“Es necesario custodiar la verdad de la mujer para volver a humanizar el mundo”

Mª José Luciáñez

La esencia de la feminidad, del ser mujer es el análisis que ha planteado Mª José Luciáñez, doctora en Biología y profesora titular en la facultad de Ciencias de la UAM, en su conferencia “La verdad de la mujer”, impartida en el 61º Encuentro de Universitarios Católicos: ¿Reinventar lo humano? IV, celebrado hoy por la UCAV y la Asociación EUC

En la conferencia que lleva por título “La verdad de la mujer” se hace un análisis sobre la esencia de la feminidad, del ser mujer. El estudio se realiza a la luz de la Revelación bíblica y cristiana, como punto de partida.

 

La mujer, Eva, que se constituye en la ayuda necesaria en el obrar y en el ser en los primeros versículos del Génesis, se va transformando en la mujer que contiene en su esencia tres peculiaridades: una dimensión esponsal, maternal y virginal, en cada mujer, sea cual sea su vocación. La mujer viviendo este itinerario de valores que la constituyen, se transforma en el ser que ve al hombre, porque lo ve con el corazón; se convierte en “aquella en quien el orden del amor en el mundo creado de las personas halla un terreno para su primera raíz”. Por ello, la mujer es fuerte, y esta fuerza moral, su fuerza espiritual se unen a la conciencia de que Dios le ha confiado de un modo especial al hombre, es decir al ser humano.

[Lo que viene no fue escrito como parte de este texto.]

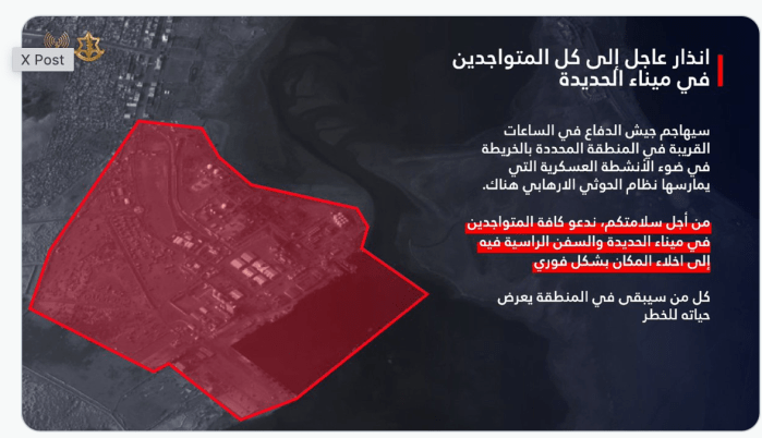 Die IDF hat eine dringende Evakuierungs-Aufforderung für den Hafen Hodeidah im Yemen veröffentlicht. Angesichts des regelmässigen Beschusses durch die Houthi-Terroristen wird Israel in den kommenden Stunden einen weiteren Angriffsflug auf den Hafen, der hauptsächlich von den Houthis genutzt wird, fliegen. Auch die im Hafen vor Anker liegenden Schiffe sollen in Sicherheit gebracht werden.

Y esto no solo en su estructura biológica, al ser la sede de los primeros momentos de toda vida humana, sino sobre todo por su estructura ontológica.

 

Para Luciáñez, éste es el “genio femenino”, esta es la verdad de ser mujer, una verdad que hay que custodiar para volver a humanizar el mundo. Por eso, el Papa señala que “el momento presente espera la manifestación de aquel genio de la mujer, que asegure en toda circunstancia la sensibilidad por el hombre, por el hecho de que es ser humano”, una sensibilidad que poco a poco en nuestra época se va perdiendo.

 

La Doctora en Biología es consciente de que en estos últimos tiempos se ha reflexionado mucho acerca de la dignidad de la mujer, sus derechos y deberes en los diversos sectores de la sociedad, en la familia, en el trabajo, etc. Se han delineado en distintos momentos nuevas tendencias para afrontar la cuestión femenina, que han considerado o bien la condición de subordinación de la mujer a fin de suscitar una actitud de contestación o, por otro lado y como consecuencia, para evitar la supremacía de uno u otro sexo, se tiende a cancelar las diferencias, consideradas como simple efecto de un condicionamiento histórico-cultural.

 

Estas tendencias se sustentan en una antropología inadecuada, que busca finalmente liberar a la persona humana de sus condicionamientos biológicos. Respecto a la mujer favorece perspectivas igualitarias que la liberan de todo determinismo biológico, y conducen a una verdadera crisis en la persona humana, que se continúa en la destrucción de la familia, el pansexualismo de la cultura actual, y la insatisfacción e infelicidad del hombre.

 

En esta situación, el Papa Juan Pablo II ya desde el año 1988 en su carta apostólica Mulieris dignitatem, da gracias a Dios por su designio sobre la vocación y misión de la mujer en el mundo. ¿Qué singulariza a la mujer? ¿Cuál es su misión en el mundo? No siendo esto suficiente, en 1995 escribe una carta a las mujeres en la que da las gracias a cada mujer por su vida y su papel en la sociedad civil, religiosa, a las madres de familia, consagradas, trabajadoras, esposas, etc.